=== What is needed ===
Omit the pictures and output exactly the lines from the start of the entries through the line containing "时值重庆车展,长安汽车也推出".

Records drawn from a dataset
* * * * * * *

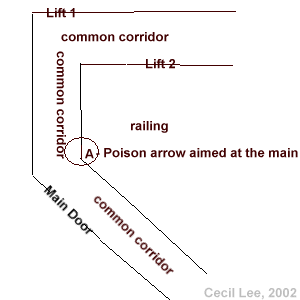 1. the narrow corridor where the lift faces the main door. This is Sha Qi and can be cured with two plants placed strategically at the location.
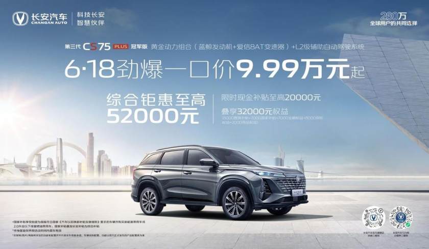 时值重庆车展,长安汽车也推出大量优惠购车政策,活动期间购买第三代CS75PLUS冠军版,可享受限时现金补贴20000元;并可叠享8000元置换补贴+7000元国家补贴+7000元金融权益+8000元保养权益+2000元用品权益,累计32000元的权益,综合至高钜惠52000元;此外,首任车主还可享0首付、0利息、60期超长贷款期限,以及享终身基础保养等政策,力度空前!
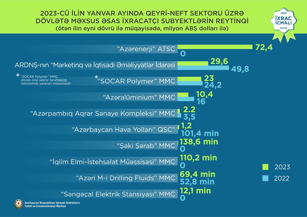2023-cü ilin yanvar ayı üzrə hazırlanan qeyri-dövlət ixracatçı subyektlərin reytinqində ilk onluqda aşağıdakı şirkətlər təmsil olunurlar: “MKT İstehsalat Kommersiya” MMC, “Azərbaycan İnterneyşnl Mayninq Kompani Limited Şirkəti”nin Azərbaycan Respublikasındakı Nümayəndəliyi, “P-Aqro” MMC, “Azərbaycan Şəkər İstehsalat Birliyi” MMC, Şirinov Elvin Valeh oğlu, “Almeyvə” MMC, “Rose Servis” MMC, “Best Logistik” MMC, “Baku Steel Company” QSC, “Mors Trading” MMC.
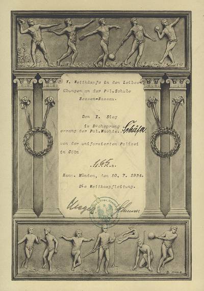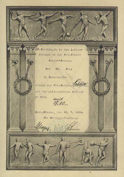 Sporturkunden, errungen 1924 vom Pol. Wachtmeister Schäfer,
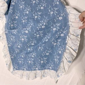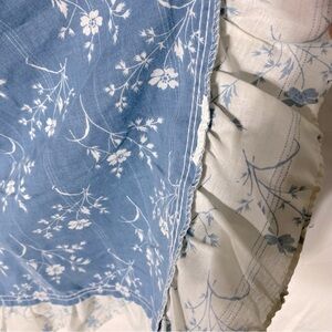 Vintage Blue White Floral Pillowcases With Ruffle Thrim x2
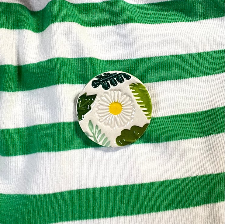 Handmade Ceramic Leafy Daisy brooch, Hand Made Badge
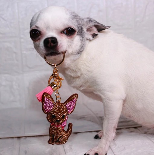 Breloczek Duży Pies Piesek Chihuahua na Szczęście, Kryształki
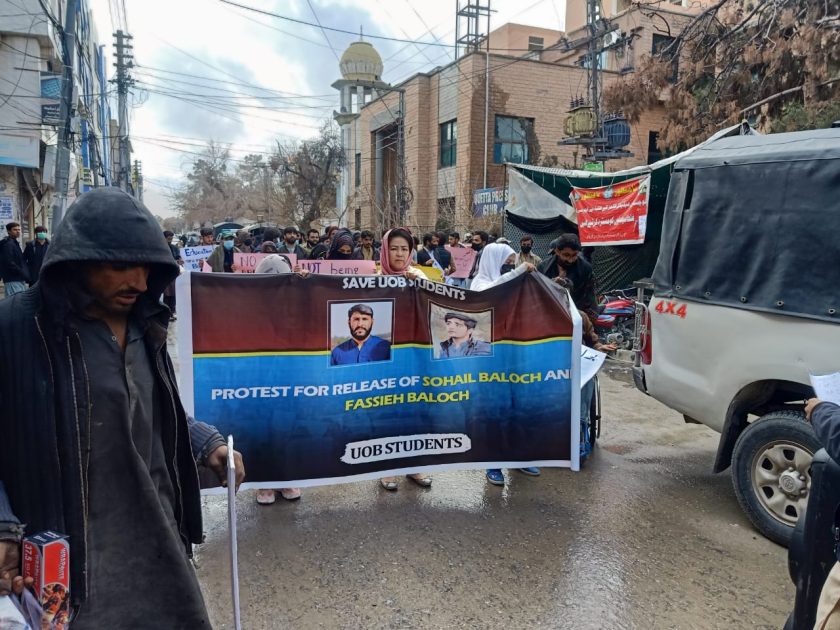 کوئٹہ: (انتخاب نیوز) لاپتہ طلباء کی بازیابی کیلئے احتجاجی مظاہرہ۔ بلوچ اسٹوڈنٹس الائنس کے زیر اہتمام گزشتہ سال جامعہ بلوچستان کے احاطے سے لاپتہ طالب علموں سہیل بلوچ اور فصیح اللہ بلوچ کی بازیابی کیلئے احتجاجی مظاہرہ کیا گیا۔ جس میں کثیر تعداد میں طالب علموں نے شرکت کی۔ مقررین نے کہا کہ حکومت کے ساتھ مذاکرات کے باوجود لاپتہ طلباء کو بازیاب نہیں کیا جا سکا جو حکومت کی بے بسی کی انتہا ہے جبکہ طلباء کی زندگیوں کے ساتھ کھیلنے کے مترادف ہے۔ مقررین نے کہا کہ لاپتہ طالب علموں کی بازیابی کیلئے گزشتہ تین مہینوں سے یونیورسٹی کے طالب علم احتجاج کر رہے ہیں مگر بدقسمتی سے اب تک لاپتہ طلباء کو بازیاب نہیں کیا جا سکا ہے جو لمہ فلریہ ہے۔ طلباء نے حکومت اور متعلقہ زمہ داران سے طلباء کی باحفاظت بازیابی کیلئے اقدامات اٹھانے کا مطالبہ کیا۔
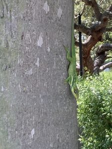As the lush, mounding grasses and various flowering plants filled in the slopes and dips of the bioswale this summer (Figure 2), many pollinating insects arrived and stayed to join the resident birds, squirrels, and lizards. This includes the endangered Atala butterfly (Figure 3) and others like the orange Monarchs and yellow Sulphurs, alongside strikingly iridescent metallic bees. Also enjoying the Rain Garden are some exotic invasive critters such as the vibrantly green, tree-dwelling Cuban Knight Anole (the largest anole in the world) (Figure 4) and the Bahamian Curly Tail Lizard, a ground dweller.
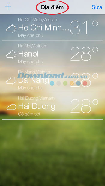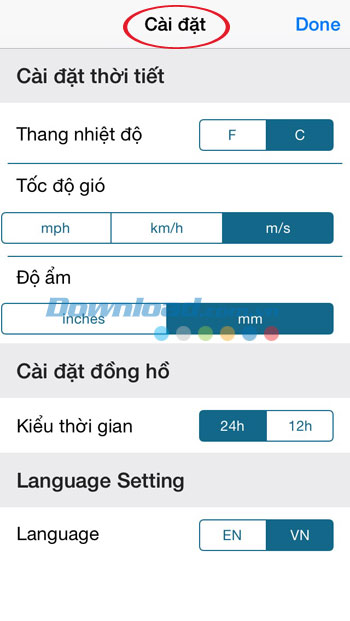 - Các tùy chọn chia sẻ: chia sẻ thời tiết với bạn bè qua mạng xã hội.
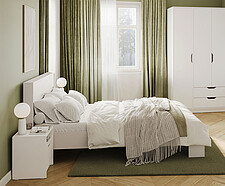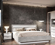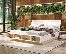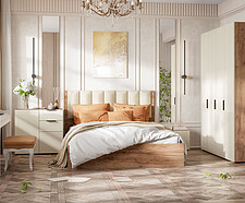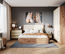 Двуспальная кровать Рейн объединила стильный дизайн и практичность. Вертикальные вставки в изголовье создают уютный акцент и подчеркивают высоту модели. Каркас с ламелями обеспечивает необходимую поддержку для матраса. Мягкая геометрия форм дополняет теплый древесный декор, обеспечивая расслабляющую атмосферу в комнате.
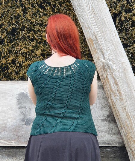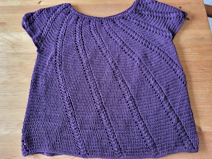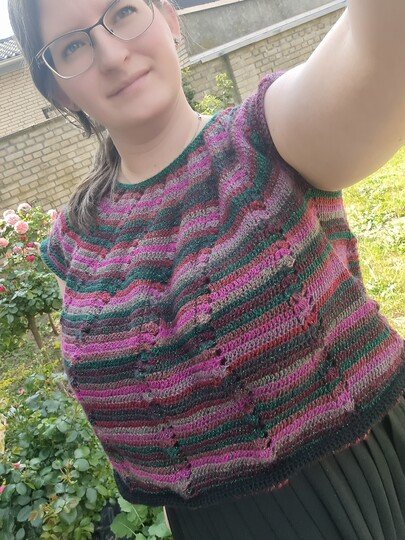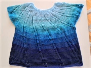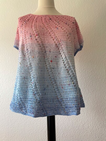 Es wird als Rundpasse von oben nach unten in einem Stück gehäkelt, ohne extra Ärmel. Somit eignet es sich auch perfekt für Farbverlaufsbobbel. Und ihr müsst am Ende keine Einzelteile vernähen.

* * * * * * *

=== Written solution ===
 1. the narrow corridor where the lift faces the main door. This is Sha Qi and can be cured with two plants placed strategically at the location.
 时值重庆车展,长安汽车也推出大量优惠购车政策,活动期间购买第三代CS75PLUS冠军版,可享受限时现金补贴20000元;并可叠享8000元置换补贴+7000元国家补贴+7000元金融权益+8000元保养权益+2000元用品权益,累计32000元的权益,综合至高钜惠52000元;此外,首任车主还可享0首付、0利息、60期超长贷款期限,以及享终身基础保养等政策,力度空前!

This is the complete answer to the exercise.